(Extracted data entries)
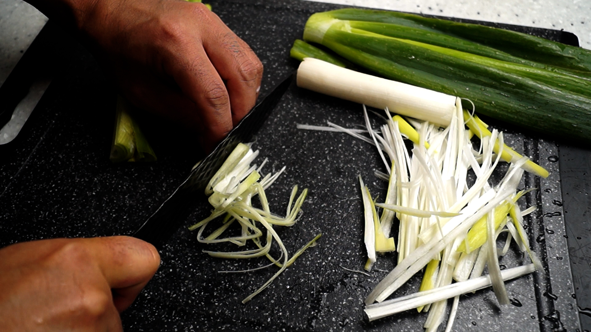 1. 대파 중간거 2대 분량을 길쭉길쭉 채를 썰어주세요. 칼로 썰어도 되고 파채칼 활용하셔도 되는데 더 편하게 드시려면 마트에서 채썬 대파를 구입하시면 정말 편합니다.
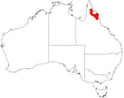 It is native to an area of Far North Queensland where it is commonly situated in granitic sandy beds of seasonally dry creeks or other watercourses which tend to regularly be inundated by floodwaters.[1]
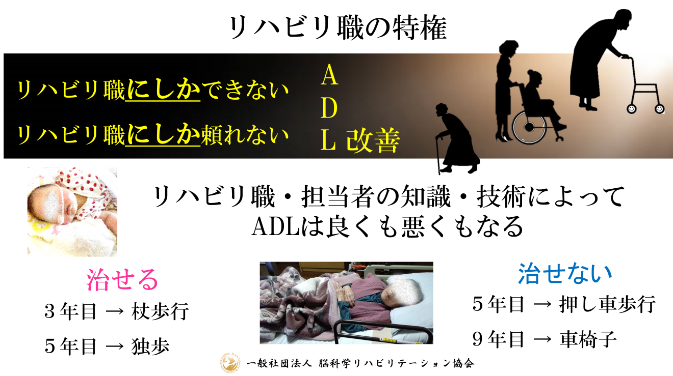 ADLの治療プロッフェッショナル = 全医療職の内、リハビリ職しかできない特権
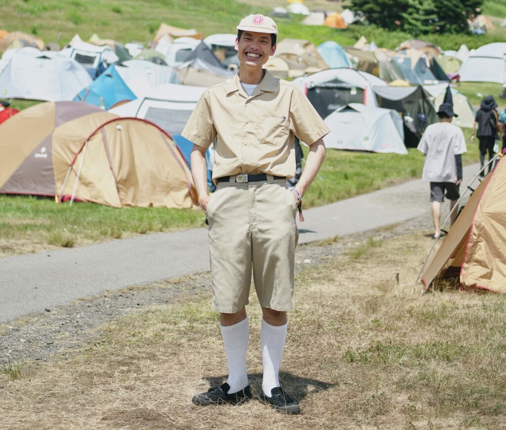 さながらアメリカの少年のような着こなしは、ウェス・アン ダーソン監督の『ムーンライズ・キングダム』をイメージしたそう。ボーイスカウトらしいアースカラーの合わせもキャンプエリアの雰囲気にマッチ。
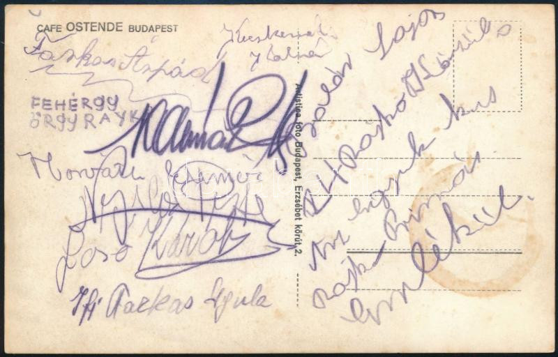 Kalmár Pál zeneszerző és a Rajkó zenekar egyes tagjainak aláírása Café Ostende fotólap hátoldalán
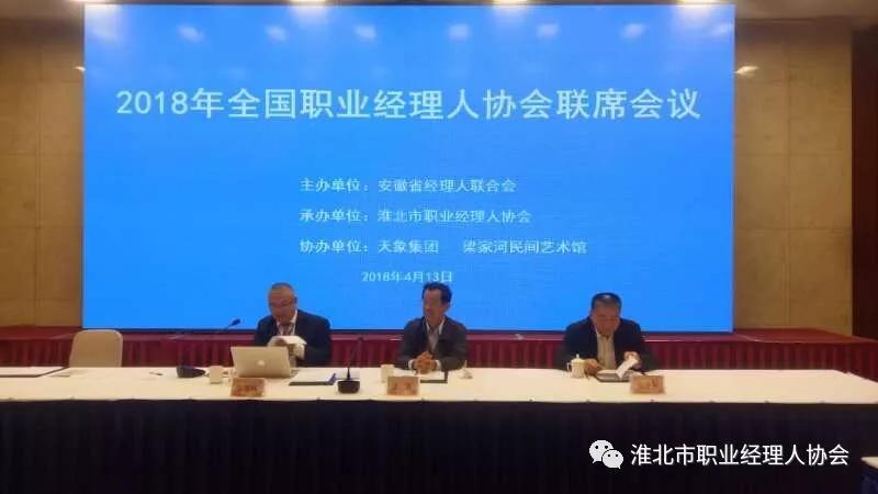 2018年全國職業(yè)經(jīng)理人協(xié)會聯(lián)席會議暨淮北市工商聯(lián)招商推介會于4月13日~14日在淮北市口子國際大酒店圓滿結(jié)束。本次會議是安徽省經(jīng)理人聯(lián)合會主辦、淮北市職業(yè)經(jīng)理人協(xié)會承辦、天象集團協(xié)辦的全國性會議。淮北職業(yè)經(jīng)理人協(xié)會會長、天象集團董事長孔令發(fā)出席會議并致辭。

* **WHAT THE TASK ASKS**:
Line by line, restate the data above exactly as it stands, minus the pictures.

* **RESULT FOR THIS TASK**:
 1. 대파 중간거 2대 분량을 길쭉길쭉 채를 썰어주세요. 칼로 썰어도 되고 파채칼 활용하셔도 되는데 더 편하게 드시려면 마트에서 채썬 대파를 구입하시면 정말 편합니다.
 It is native to an area of Far North Queensland where it is commonly situated in granitic sandy beds of seasonally dry creeks or other watercourses which tend to regularly be inundated by floodwaters.[1]
 ADLの治療プロッフェッショナル = 全医療職の内、リハビリ職しかできない特権
 さながらアメリカの少年のような着こなしは、ウェス・アン ダーソン監督の『ムーンライズ・キングダム』をイメージしたそう。ボーイスカウトらしいアースカラーの合わせもキャンプエリアの雰囲気にマッチ。
 Kalmár Pál zeneszerző és a Rajkó zenekar egyes tagjainak aláírása Café Ostende fotólap hátoldalán
 2018年全國職業(yè)經(jīng)理人協(xié)會聯(lián)席會議暨淮北市工商聯(lián)招商推介會于4月13日~14日在淮北市口子國際大酒店圓滿結(jié)束。本次會議是安徽省經(jīng)理人聯(lián)合會主辦、淮北市職業(yè)經(jīng)理人協(xié)會承辦、天象集團協(xié)辦的全國性會議。淮北職業(yè)經(jīng)理人協(xié)會會長、天象集團董事長孔令發(fā)出席會議并致辭。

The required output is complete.